In this phase 2/3, multicenter, randomized, double-blind, placebo-controlled study, 285 patients ≥12 year of age with advanced DD-LPS who had received 2 to 5 lines of therapy were included. Patients were randomly assigned (2:1) to 60 mg of selinexor (n = 188) or placebo (n = 97) twice weekly in 6-week cycles (crossover permitted). The primary end point was progression-free survival (PFS).

The median PFS and time to next treatment was 2.8 months and 5.8 months, respectively, in the selinexor group compared with 2.1 months and 3.2 months, respectively, in the placebo group (95% CI, 0.52 to 0.95; one-sided P = 0.011 and 95% CI, 0.37 to 0.66; one-sided P < 0.0001).

There was no difference observed in overall survival with crossover.

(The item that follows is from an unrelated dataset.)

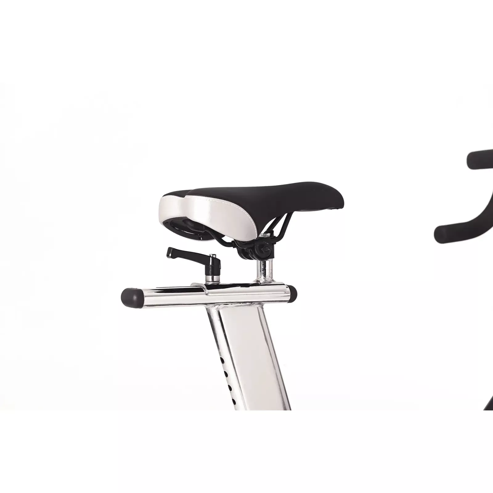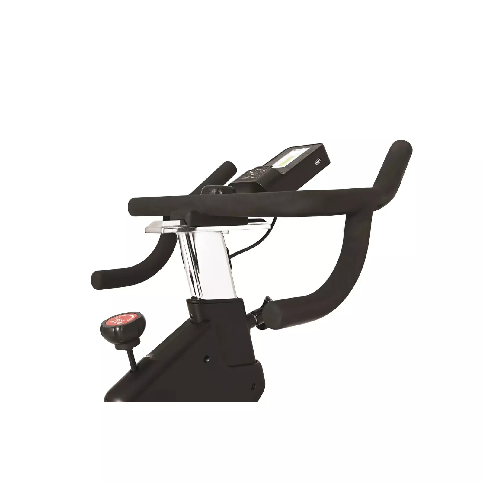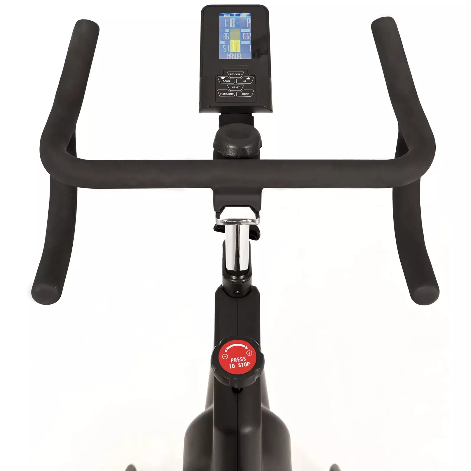 Тяжелый 22-килограммовый маховик вместе с ременным приводом обеспечивают бесшумность работы тренажера и достаточную нагрузку даже для подготовленных спортсменов. Спин байк рассчитан на вес до 150 кг и подойдет для пользователей ростом до 2 м. Нагрудный кардиодатчик (индикатор) для беспроводного измерения пульса уместен во время тренировки по одной из четырех пульсозависимых программ. Спортивные сидения и руль регулируются по высоте и в горизонтальной плоскости, обеспечивая индивидуальную настройку. Транспортировочные ролики в передней части тренажера позволяют свободно перемещать его по комнате.

Treatment-emergent adverse events of any grade versus grade 3 or 4 with selinexor included:

-Nausea (151 [80.7%] vs.  11 [5.9])
-Decreased appetite (113 [60.4%] vs. 14 [7.5%])
-Fatigue (96 [51.3%] vs. 12 [6.4%])

Overall, 4 patients died in the selinexor arm and 3 patients died in the placebo arm.

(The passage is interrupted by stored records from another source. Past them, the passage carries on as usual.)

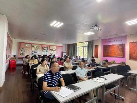 6月23日下午,统计学院党委委员平卫英、吴家宇在统计学院313室讲授党课,院党委书记陶春海及学院全体教职工参加此次学习。
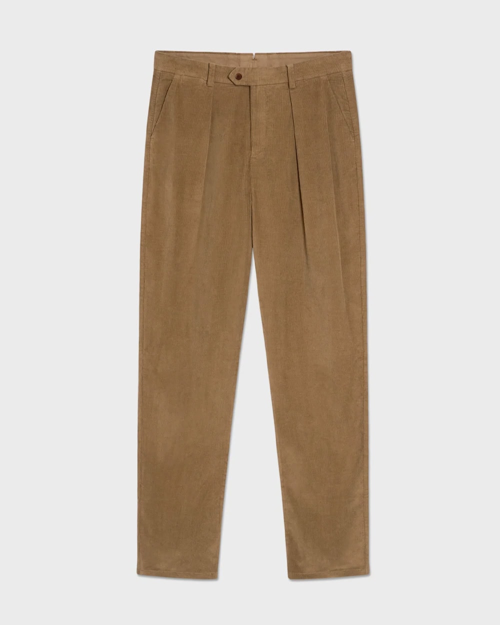 The pleated, high-rise trousers add a tailored sharpness you don’t get from chinos, and the earthy tone makes them surprisingly easy to pair with rich knits and polished leather loafers. Rolled hems soften everything and stop the outfit tipping into overly formal territory.
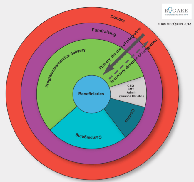 In Fig 7, the resource allocation and attraction markets are integrated and not only is the fundraising function integrated with the rest of the organisation, the vital role it performs is brought to the fore. Remove either of Fig 7’s two outer concentric rings (donors and fundraising), and the organisation ceases to exist.

The absence of CALB1 expression was associated with longer PFS with selinexor compared with placebo (median 6.9 vs. 2.2 months; HR, 0.19; P = 0.001).

Reference
Gounder MM, Razak AA, Somaiah N, et al. Selinexor in Advanced, Metastatic Dedifferentiated Liposarcoma: A Multinational, Randomized, Double-Blind, Placebo-Controlled Trial. J Clin Oncol. 2022;doi: 10.1200/JCO.21.01829. Epub ahead of print. PMID: 35394800.